The monasteries and convents, considered from the point of view of political and social economy, were agricultural, scientific, and domestic associations, with fields, gardens, and orchards, libraries, laboratories, and workshops, provided with all the means and facilities known in their age and country for the subjection of nature's resources to the progressive evolution of humanity. Fusing the nobles and the people, absorbing, in the sentiment of our common fatherhood in God and brotherhood in Christ, the invidious distinctions of caste, reconciling again in their administration the behests of spiritual culture with the exigencies of material existence and refinement of taste in letters and the arts, the monastic orders were for Christendom a most benign providence. Their charities never have been limited to the necessities of mere subsistence, like the secular dolings out of so-called modern charity. Hearts must respond to the needs of hearts, and brains to those of brains; in other words, the organization of Christian charity essentially embraces social life and education, intellectual and moral culture, as well as the conditions of labor, of remuneration, of lodging, of clothing, and nourishment, comprised in the guarantee of access to the soil. By separating the material from the spiritual elements of charity, Christendom retrogrades into paganism; less brutal, less ferocious, the economic (?) workhouse system is colder and still more inhuman than those methods of summary destruction by which Greece removed her supernumerary helots, or Rome her infirm poor.

"It is not without a mingled shame and fear," says Mrs. Jameson, of the English workhouse, "that I approach this subject. Whatever their arrangement and condition, in one thing I found all alike—the want of a proper moral supervision.

"The most vulgar of human beings are set to rule over the most vulgar; the pauper is set to manage the pauper; the ignorant govern the ignorant; every softening or elevating influence is absent or of rare occurrence, and every hardening and depraving influence continuous or ever at hand. Never did I visit any dungeon, any abode of crime or misery, in any country, which left me the same crushing sense of sorrow, indignation, and compassion—almost despair—as some of our English workhouses. Never did I see more clearly what must be the inevitable consequences where the feminine and religious influences are ignored; where what we call charity is worked by a stern, hard machinery; where what we mean for good is not bestowed but inflicted on others in a spirit not pitiful, nor merciful, but reluctant and adverse, if not cruel. Perhaps those who hear me may not all be aware of the origin of our parish workhouses. They were not designed as penitentiaries, although they have really become such. They were intended to be religious and charitable institutions, to supply the place of those conventual hospitals and charities which, with their revenues, were suppressed by Henry VIII.

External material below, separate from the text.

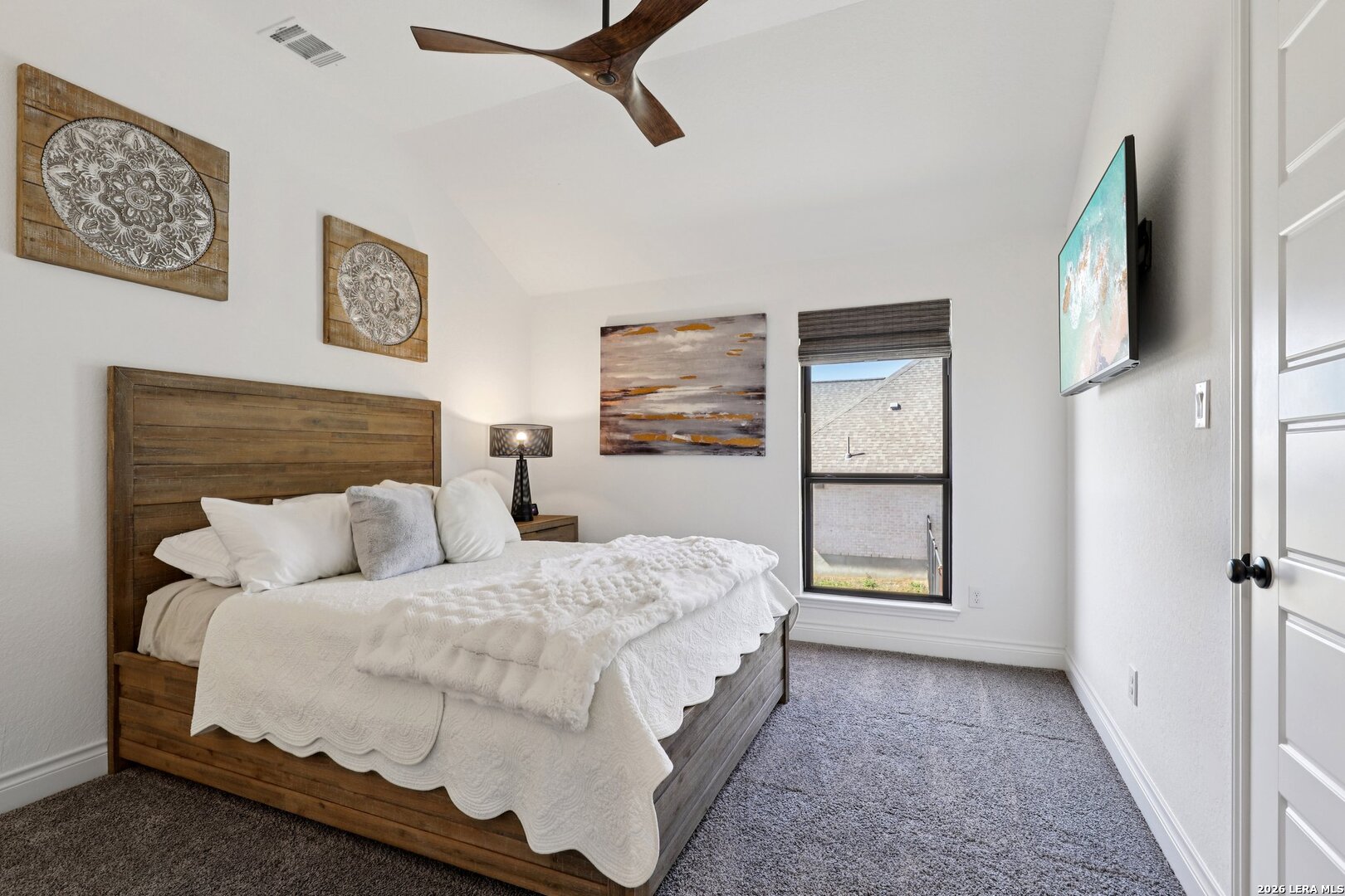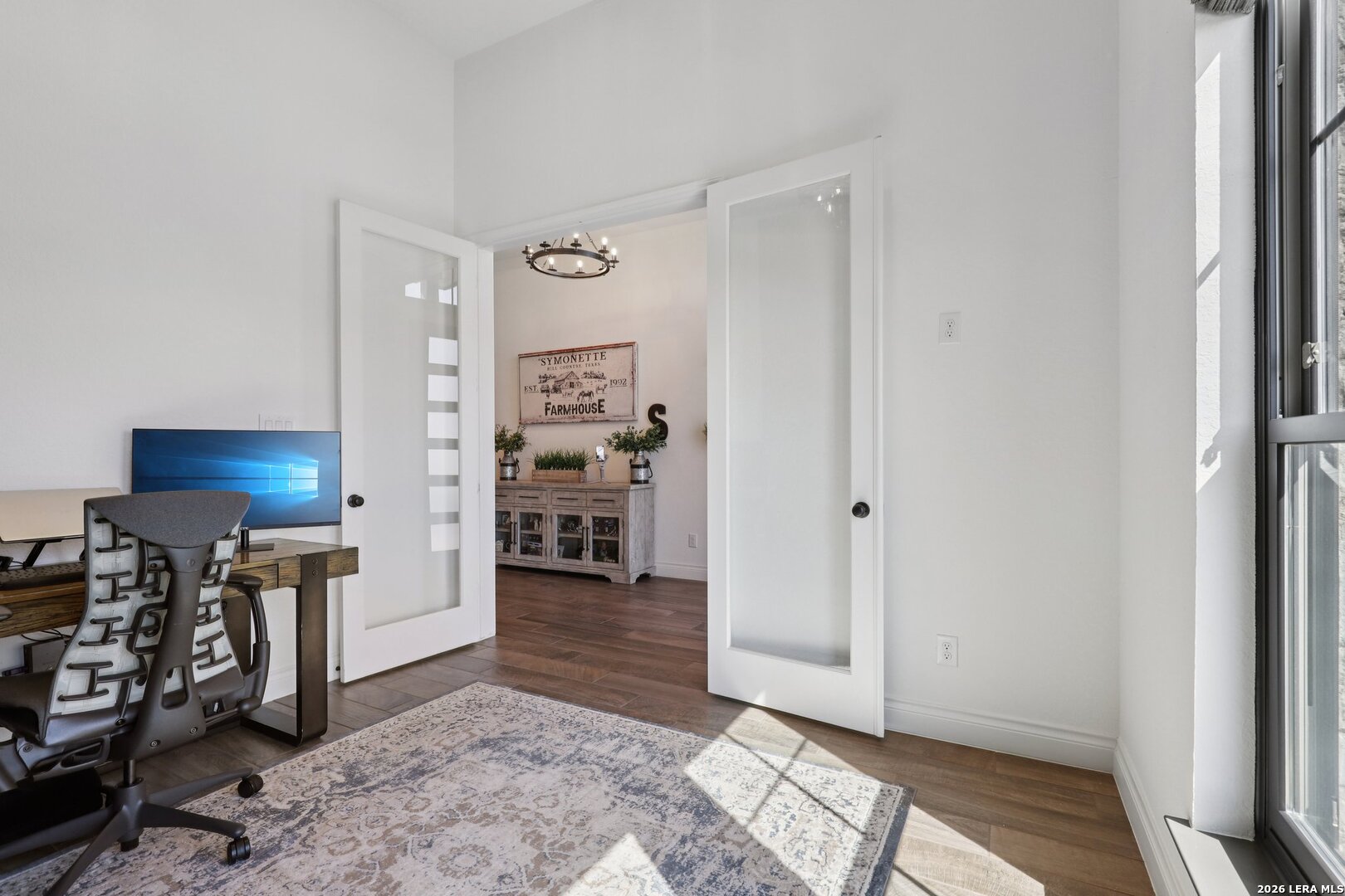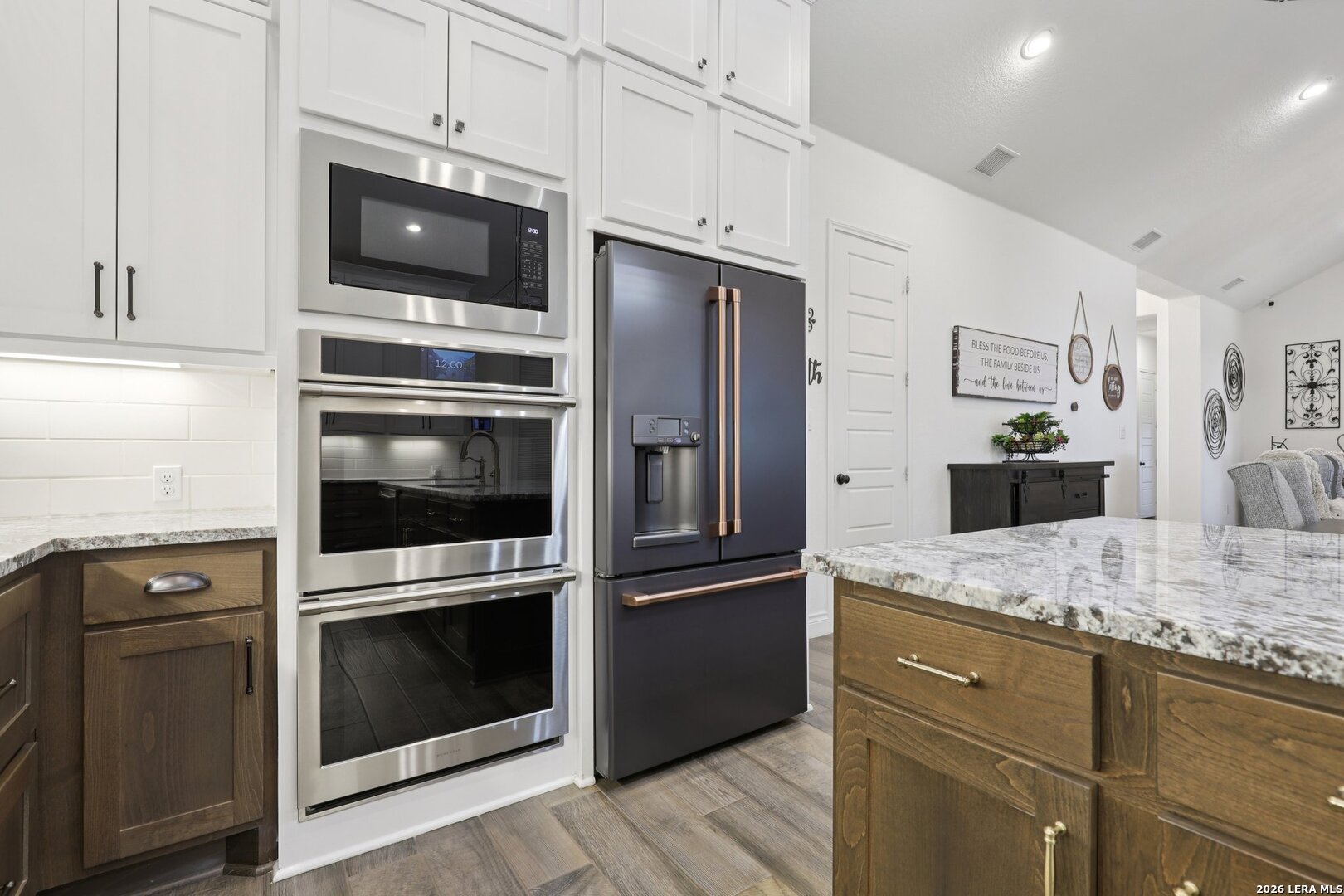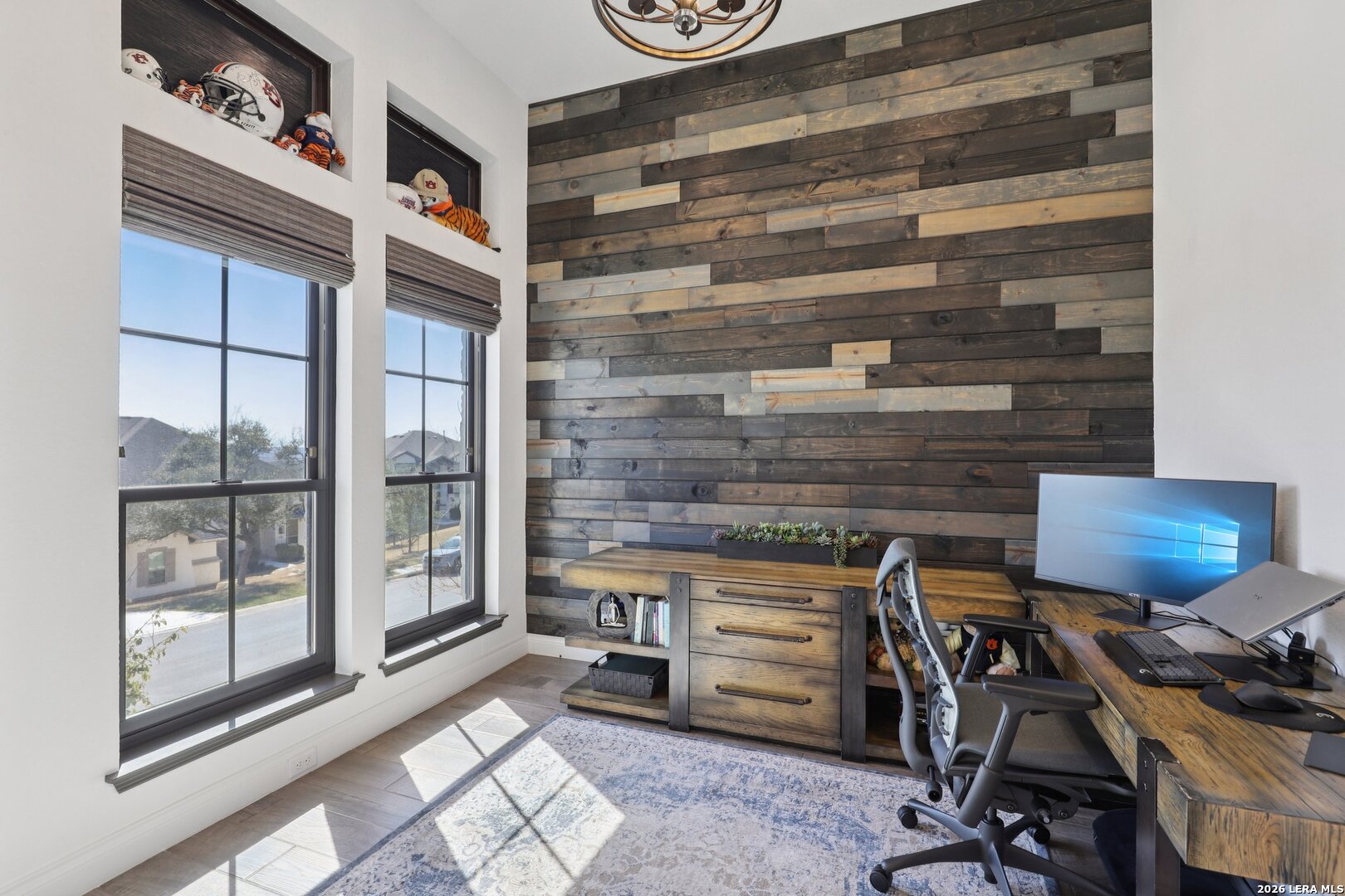 Welcome to one of the most upgraded homes you will find on the market in Bulverde, TX. This stunning one story luxury home offers more than 3,300 square feet of thoughtfully designed living space and features 4 spacious bedrooms, 3 full bathrooms, a private study, a dedicated media room, and a breathtaking screened in outdoor living area that allows you to enjoy the beauty of Texas Hill Country living year round. From the moment you walk inside, the attention to detail and high end upgrades immediately stand out. The open concept living room features soaring vaulted ceilings with beautiful wood wrapped beams and a dramatic floor to ceiling stone fireplace that creates a warm and inviting centerpiece for the home. Gorgeous wood look tile flows throughout the main living areas and the primary suite, offering both durability and style, while plush carpet is reserved for the secondary bedrooms for added comfort. The kitchen is truly a showstopper and designed for both entertaining and everyday living. Beautiful upgraded granite countertops pair perfectly with the striking two tone cabinetry, featuring crisp white upper cabinets and rich natural wood lowers. Cooking enthusiasts will love the built in double ovens, microwave, upgraded five burner gas cooktop, pot filler, and the incredible amount of cabinet storage including an additional row of upper cabinets for maximum functionality. Massive sliding glass doors open from the living room to one of the most impressive outdoor living spaces you will find. The vaulted covered patio leads into a large screened in porch that allows you to enjoy the outdoors while staying comfortable in every season. A gas stub out is already in place for a future outdoor kitchen, and an additional patio slab provides even more room for entertaining. Mature oak trees in the backyard create a peaceful and private setting that truly captures the charm of Texas living. The primary suite is a private retreat featuring vaulted ceilings, beautiful wood beam accents, and large windows that bring in abundant natural light and relaxing views of the backyard. The spa inspired primary bathroom is designed to impress with a freestanding soaking tub positioned against a custom tiled accent wall, double vanities, a dedicated makeup vanity, and an oversized walk in shower tiled to the ceiling with multiple shower heads including a luxurious rain shower. Even better, the suite includes two spacious walk in closets. Movie nights will never be the same thanks to the incredible media room, complete with a projector, surround sound system, and remote controlled blackout shades that convey with the home to create a true in home theater experience. The secondary bedrooms are generously sized and offer walk in closets and upgraded ceiling fans, while the secondary bathrooms feature beautifully designed walk in showers tiled to the ceiling for a truly luxurious feel. For those who work from home or need a quiet space, the private study features double door entry, a decorative shiplap accent wall, and beautiful views of the surrounding Hill Country landscape. Additional upgrades continue throughout the home including a whole home in wall vacuum system for added convenience and a spacious three car garage featuring epoxy flooring, built in storage racks, and a water softener system. This extraordinary property combines luxury finishes, thoughtful design, and incredible indoor outdoor living spaces to create a home that truly stands out from the rest. Homes with this level of upgrades and attention to detail rarely come available. Why build when you can have it all - Move In Ready!!

"The epithet 'charitable' could never be applied to any parish workhouse I have seen. Our machine-charity is as much charity, in the Christian sense, as the praying-machines of the Tartars are piety.

"These institutions are supported by a variable tax, paid so reluctantly, with so little sympathy in its purpose, that the wretched paupers seem to be regarded as a sort of parish locusts, sent to devour the substance of the rate-payers; as the natural enemies of those who are taxed for their subsistence, almost as criminals; and I have no hesitation in saying that the convicts in some of our jails have more charitable and more respectful treatment than the poor in our workhouses. Hence, a notion prevails among the working-classes that it is better to be a criminal than a pauper—better to go to a jail than to a workhouse.

"Between the poor and their so-called guardians, the bond is anything but charity.